-- ENTRIES SHOWN follows --
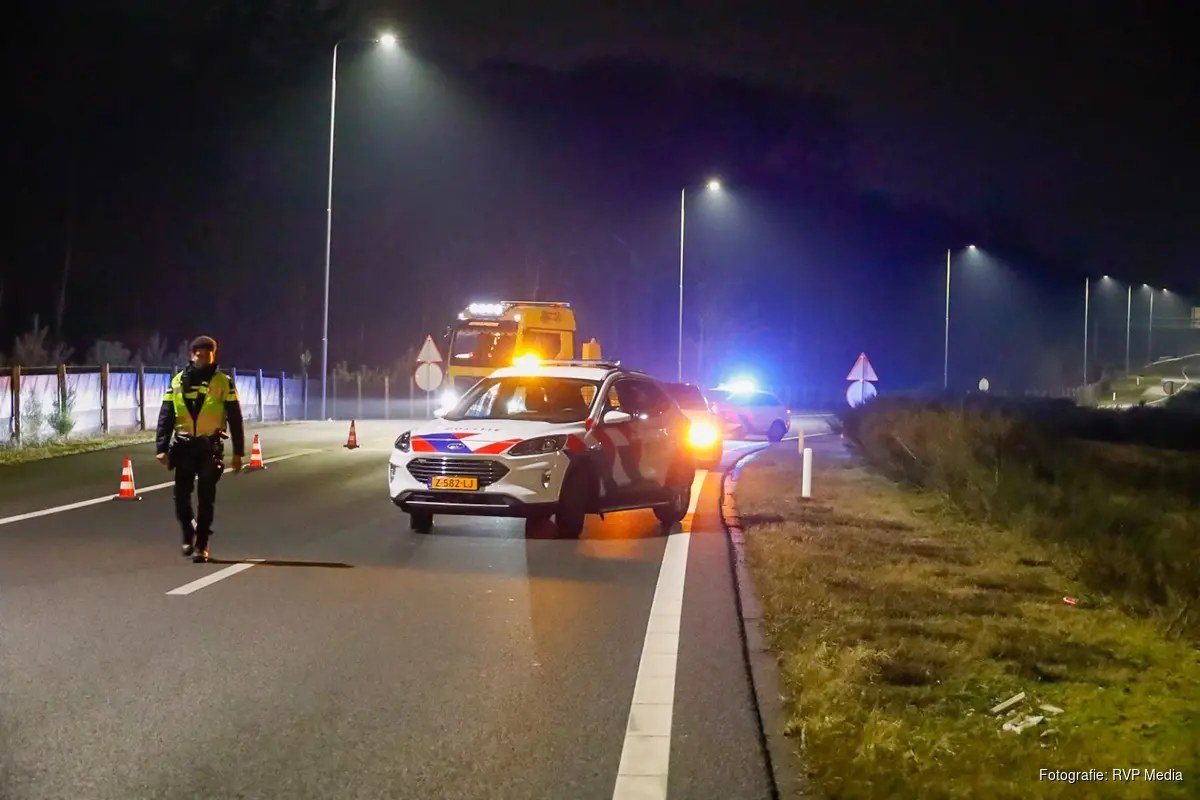 De afrit is vanwege het ongeluk afgesloten. Een bergingsbedrijf zal de bestelbus overeind zetten en afslepen.
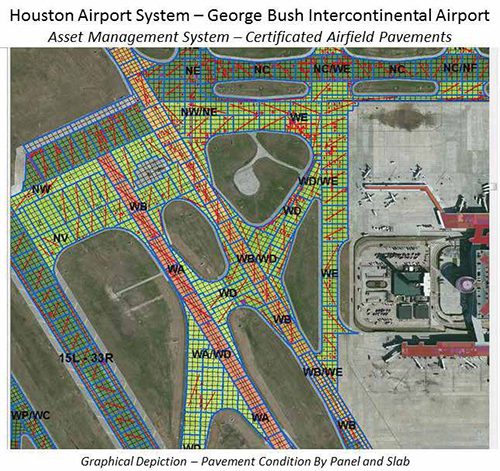 factsfigures Project: Digital Data Collection & Airfield Pavement Mapping Airport: George Bush Intercontinental Airport Authority: Houston Airport System Primary Technology: Light Detection & Ranging; Mobile Mapping System Contractors: Ricondo & Associates; Woolpert; APTech Integrated Systems: Infor(tm) Enterprise Asset Management Systems; Geographic Information System; PAVER(tm) Cost: 1.9 cents/sq. ft. of certificated pavement |
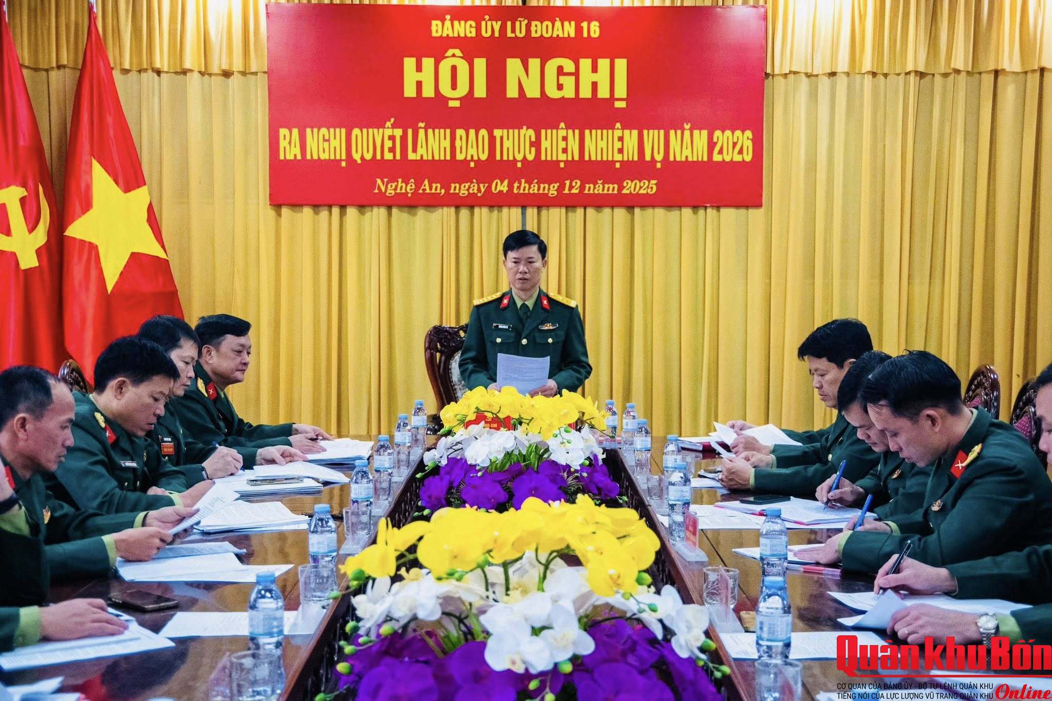 Sáng ngày 04/12/2025, Đảng uỷ Lữ đoàn Pháo binh 16 tổ chức Hội nghị ra Nghị quyết lãnh đạo thực hiện nhiệm vụ năm 2026. Đồng chí Đại tá Hoàng Đình Thi, Bí thư Đảng uỷ, Chính uỷ Lữ đoàn chủ trì Hội nghị. Tham dự Hội nghị có các đồng chí trong Thường vụ, Đảng uỷ, chỉ huy Lữ đoàn và lãnh đạo, chỉ huy các cơ quan, đơn vị trực thuộc.
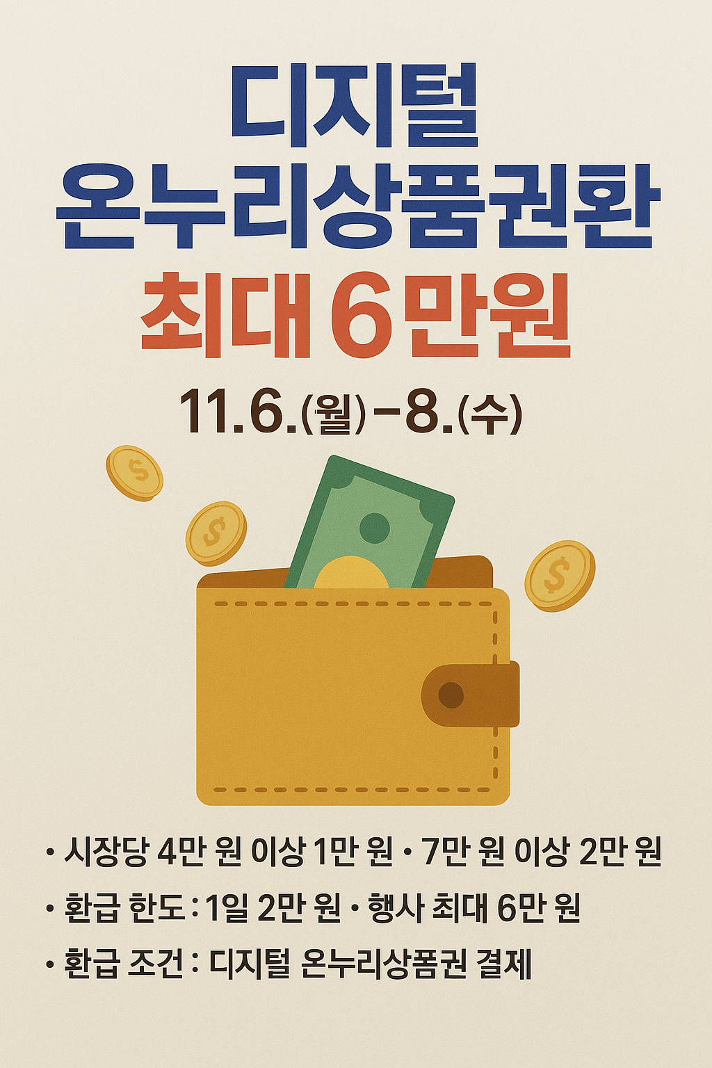 전통시장을 자주 이용하시는 분들께 특히 유리하며, 기간·조건을 잘 확인하고 참여하면 최대 6만원의 혜택을 받을 수 있습니다.
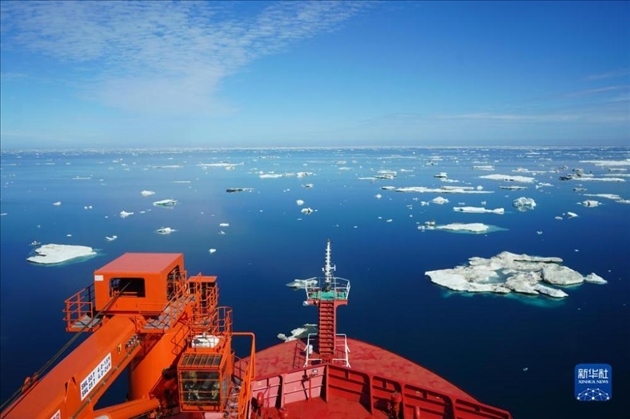 中國第13次北冰洋科學(xué)考察隊(duì)穿越北極圈。
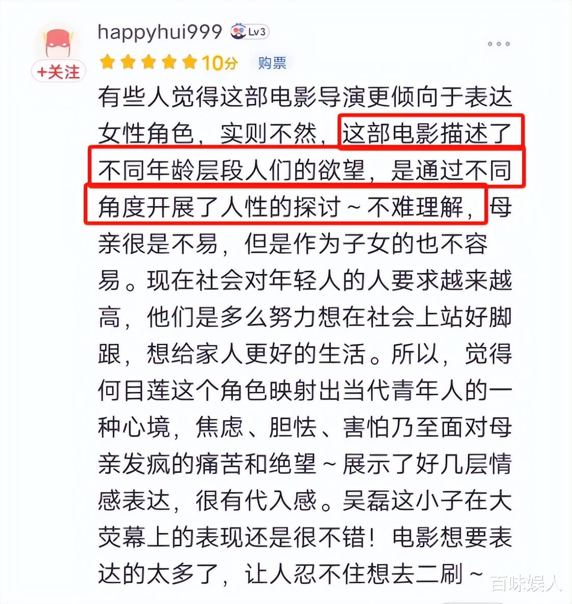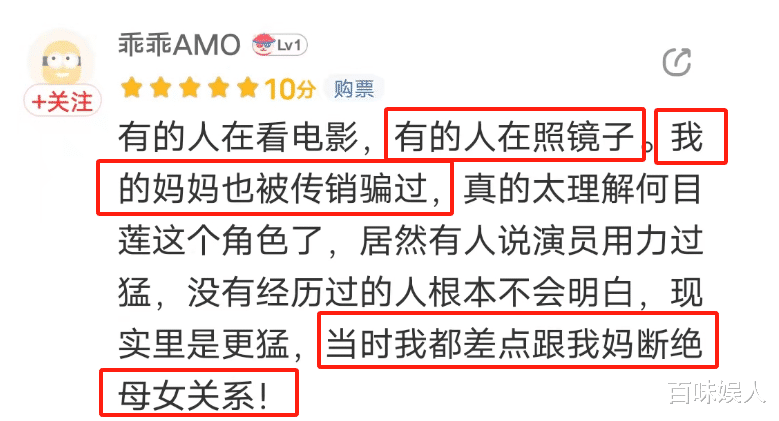 有网友就表示自己很理解电影里目莲为了拉母亲出传销时的那种无力感和歇斯底里,因为自己的母亲也曾进过传销组织,自己当时比目莲还要激动,甚至一度想断绝母女关系。
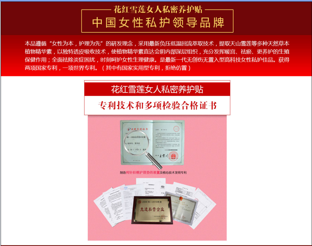?????? 花红于切入微商之初选择了花红40多 年的强项部分——女性健康产品,推出“花红雪莲女人私密贴”,得益于早期市场的打磨和消费者的信赖,市场销售火爆,代理时时处于“缺货断粮”状态,顾客复 购率极高,口碑极佳,转介绍或慕名而来的顾客群体逐渐壮大。随着花红雪莲女人的广告在各大卫视上线,花红的品质会让越来越多的人相信我们,选择我们!让顾 客如此心动且行动的理由是什么?当然是效果!花红好不好,客说了算!详情加?V?信:?ajian122797
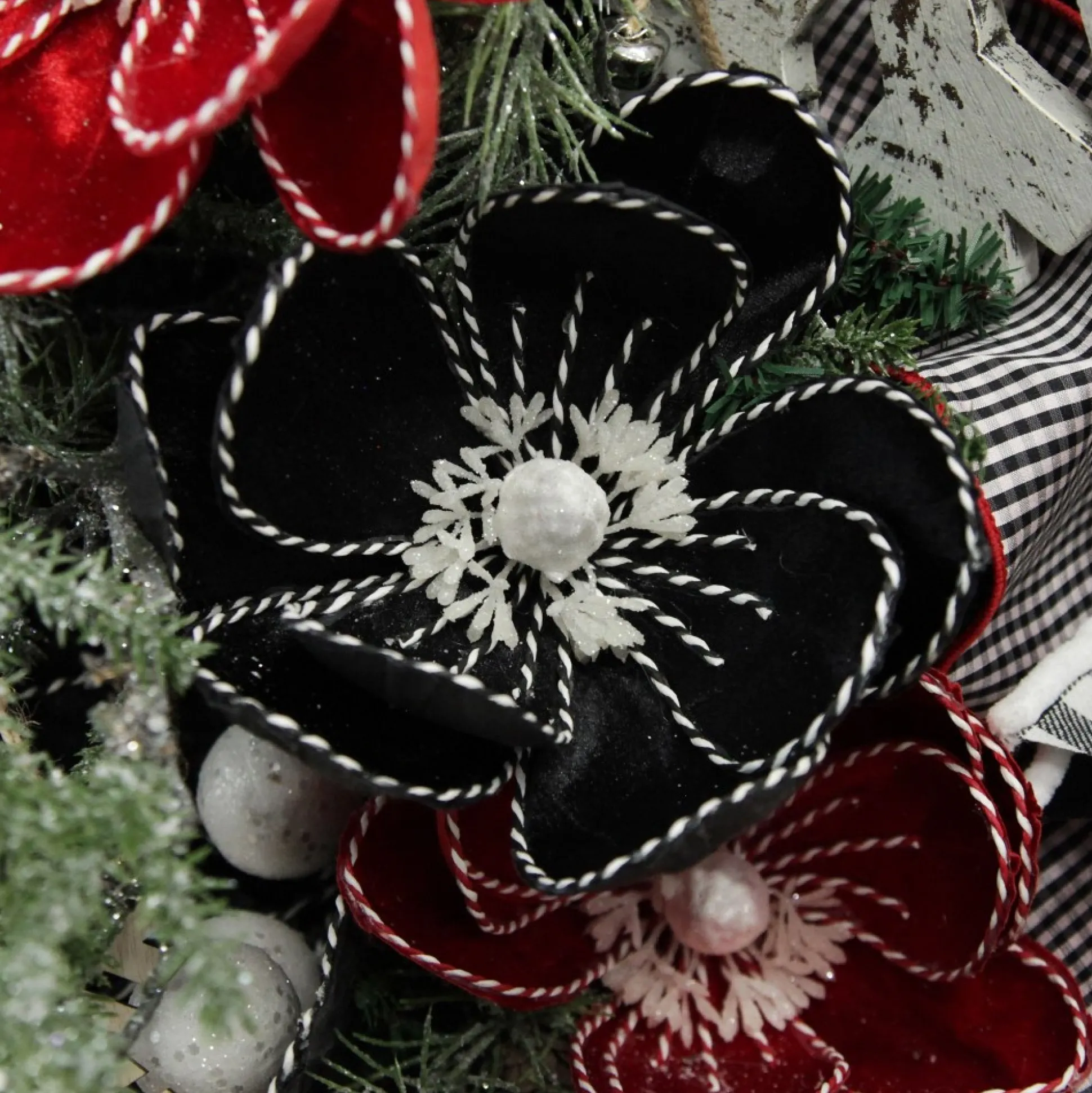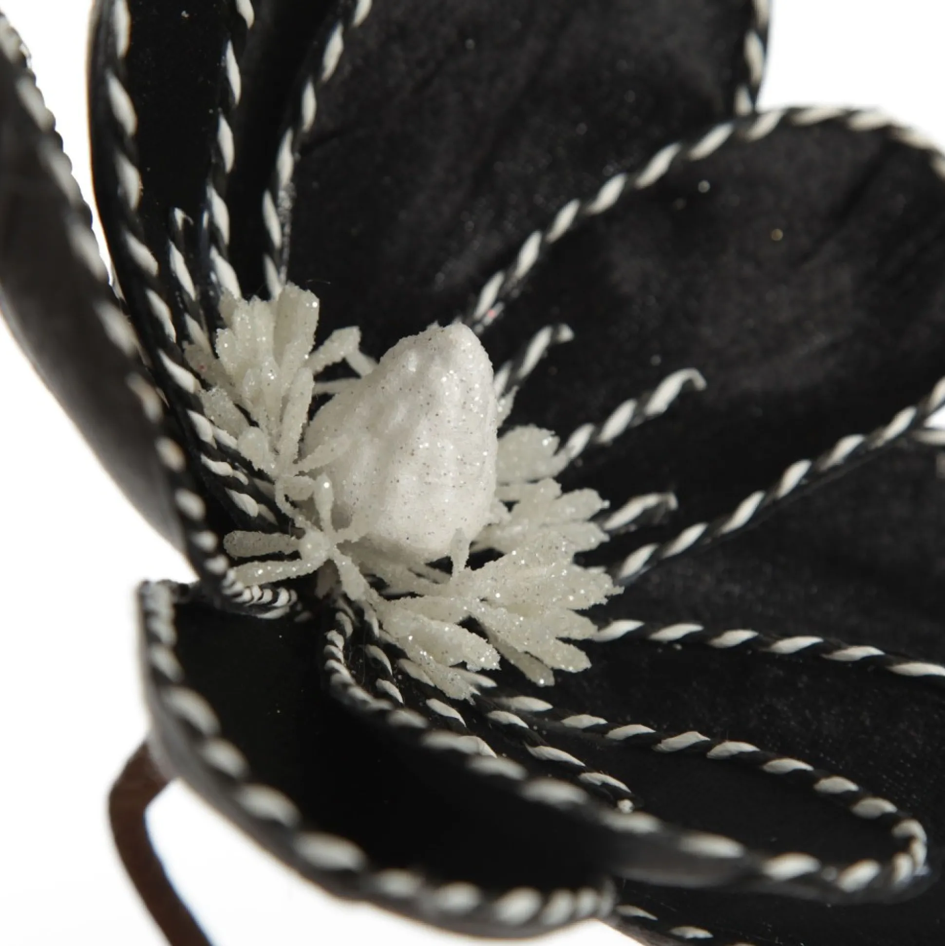 Add This Unique Black Magnolia Flower Stem With Twine Trim To Your Christmas Floral Arrangements. Made From High-Quality Materials, This Flower Features Sleek Black, Velvet-Like Petals With Intricate Black And White Twine Details And A White Glitter Pollen Arrangement In The Centre.
-- ENTRIES SHOWN concluded --
Please give again, exactly and only, the lines from the top of the listing above through the line that has "有网友就表示自己很理解电影里", with pictures left out.

### RESULT
 De afrit is vanwege het ongeluk afgesloten. Een bergingsbedrijf zal de bestelbus overeind zetten en afslepen.
 factsfigures Project: Digital Data Collection & Airfield Pavement Mapping Airport: George Bush Intercontinental Airport Authority: Houston Airport System Primary Technology: Light Detection & Ranging; Mobile Mapping System Contractors: Ricondo & Associates; Woolpert; APTech Integrated Systems: Infor(tm) Enterprise Asset Management Systems; Geographic Information System; PAVER(tm) Cost: 1.9 cents/sq. ft. of certificated pavement |
 Sáng ngày 04/12/2025, Đảng uỷ Lữ đoàn Pháo binh 16 tổ chức Hội nghị ra Nghị quyết lãnh đạo thực hiện nhiệm vụ năm 2026. Đồng chí Đại tá Hoàng Đình Thi, Bí thư Đảng uỷ, Chính uỷ Lữ đoàn chủ trì Hội nghị. Tham dự Hội nghị có các đồng chí trong Thường vụ, Đảng uỷ, chỉ huy Lữ đoàn và lãnh đạo, chỉ huy các cơ quan, đơn vị trực thuộc.
 전통시장을 자주 이용하시는 분들께 특히 유리하며, 기간·조건을 잘 확인하고 참여하면 최대 6만원의 혜택을 받을 수 있습니다.
 中國第13次北冰洋科學(xué)考察隊(duì)穿越北極圈。
 有网友就表示自己很理解电影里目莲为了拉母亲出传销时的那种无力感和歇斯底里,因为自己的母亲也曾进过传销组织,自己当时比目莲还要激动,甚至一度想断绝母女关系。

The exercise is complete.